Dari kasus di atas nampak bahwa perilaku kekerasan seksual yang mana memiliki dampak
yang negatif pada perilaku korban sebenarnya merupakan sebuah mata rantai kasus kekerasan
seksual yang terjadi secara berulang. Fakta yang terungkap dalam kasus JIS yang mana salah
satu pelaku kekerasan seksual di JIS ternyata juga merupakan korban kekerasan seksual pada
saat pelaku masih anak anak. Perilaku kekerasan seksual ternyata memiliki dampak langsung
maupun dampak tidak langsung. Dampak langsung bisa berupa perubahan sikap, perilaku
korban yang mengalami kekerasan seksual, serta rasa yang tidak nyaman yang dirasakan oleh
korban. Dampak tidak langsung yang berupa perubahan persepsi mengenai perilaku seks yang
benar yang mana dapat membuat korban menjadi seorang homoseksual, atau bahkan
melakukan kekerasan seksual kepada anak di bawahnya yang akan menjadi sebuah siklus.

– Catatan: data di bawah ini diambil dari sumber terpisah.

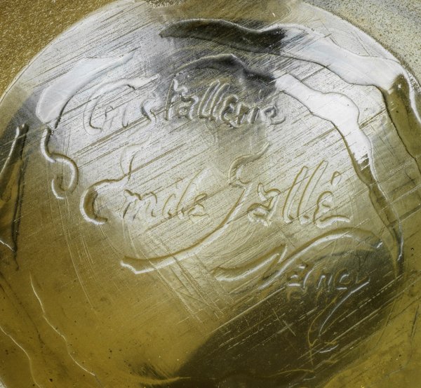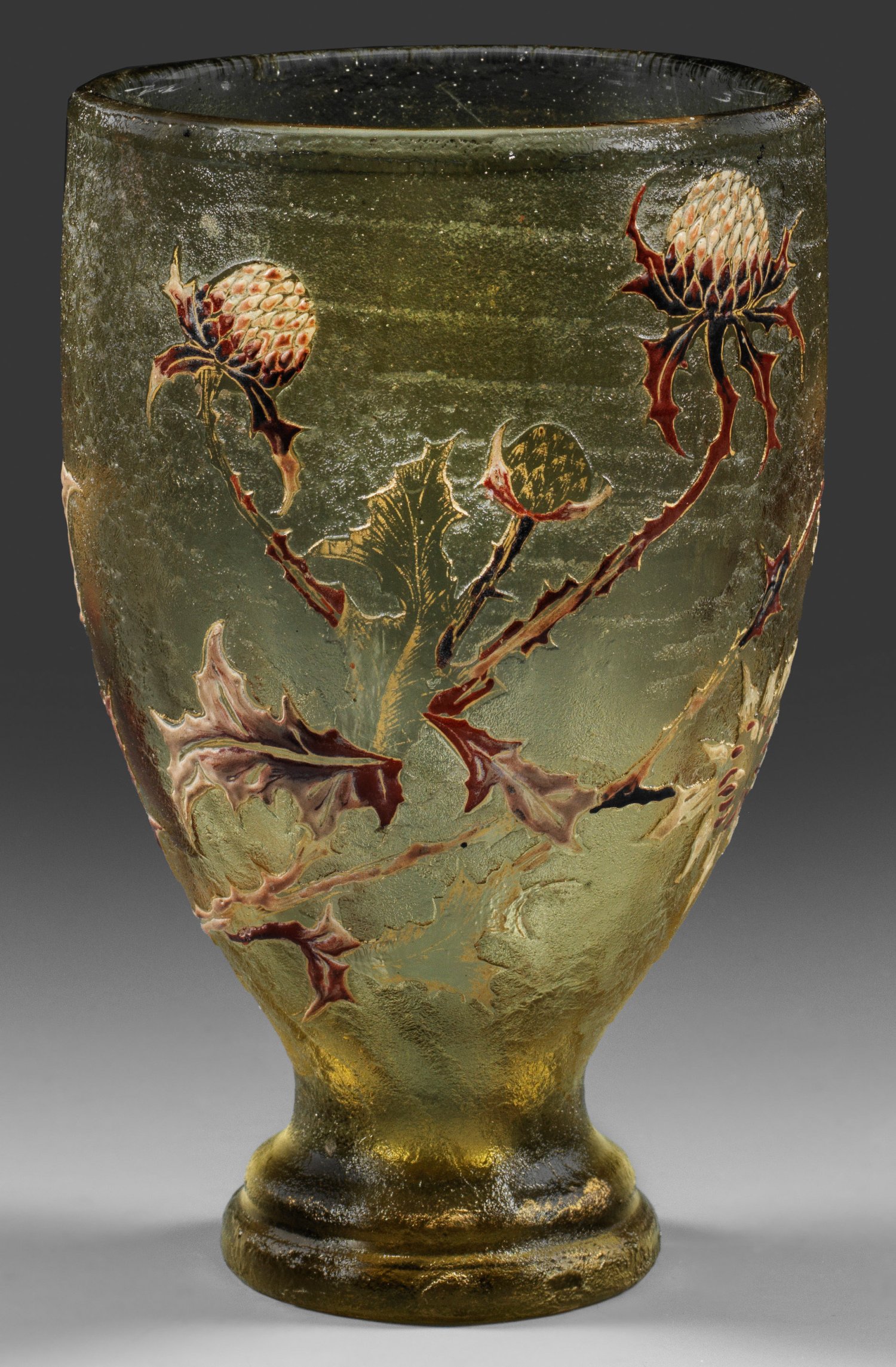 Ins Oval gedrückte Form auf profiliertem Fuß. Dickwandiges, rauchfarbenes Glas, geätzter sowie in Email- und Goldmalerei ausgeführter Dekor vor eisglasartigem Grund. Am Boden in einer Distelblüte sign. "Gallé deposé". H. 16,2 cm.

Yang dulunya menjadi korban kekerasn seksual pada masa kanak kanak, ketika dewasa
menjadi seorang pelaku kekerasan seksual.

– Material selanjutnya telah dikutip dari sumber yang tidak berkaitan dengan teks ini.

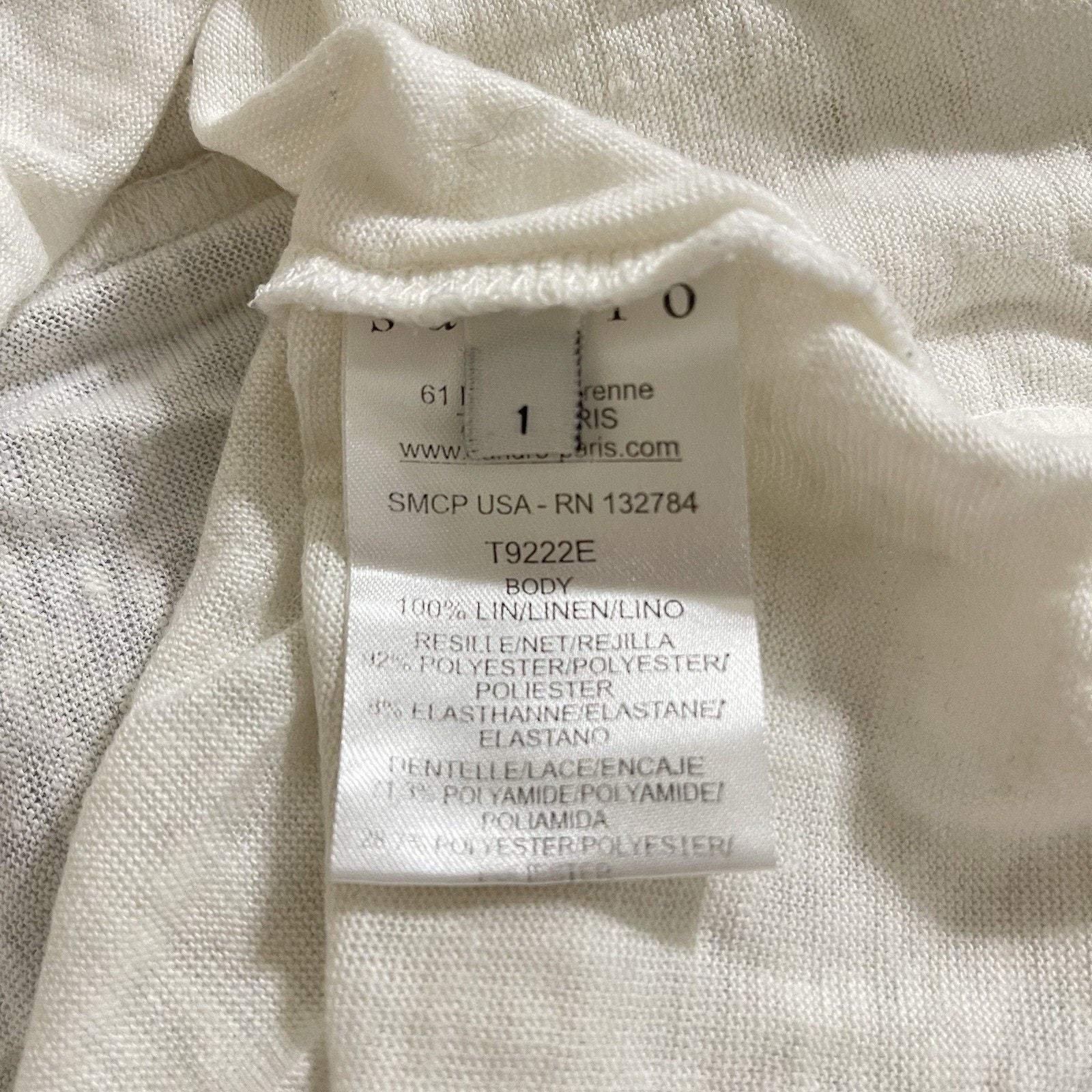 Sandro Paris Linen Lace Mesh Top France Size 1 (US Size 4 Small)

Menurut saya pelaku kejahatan seksual harus dipidanakan atau dihukum yang sesuai dengan
pasalnya untuk mengurangi banyaknya pelaku kejahatan seksual. Pelaku juga harus
mendapatkan pembelajaran psikologis untuk pembekalannya selama masa tahanan dan jika
masa tahanannya habis diharapkan pelaku kejahatan tidak akan mengulanginya lagi. Menurut
saya, korban juga harus mendapatkan penanganan khusus dari KOMNAS HAM dan
perlindungan anak, korban juga harus mendapatkan pembelajaran psikologis dan terapi mental
agar tidak terjadi gangguan kejiwaan pada anak.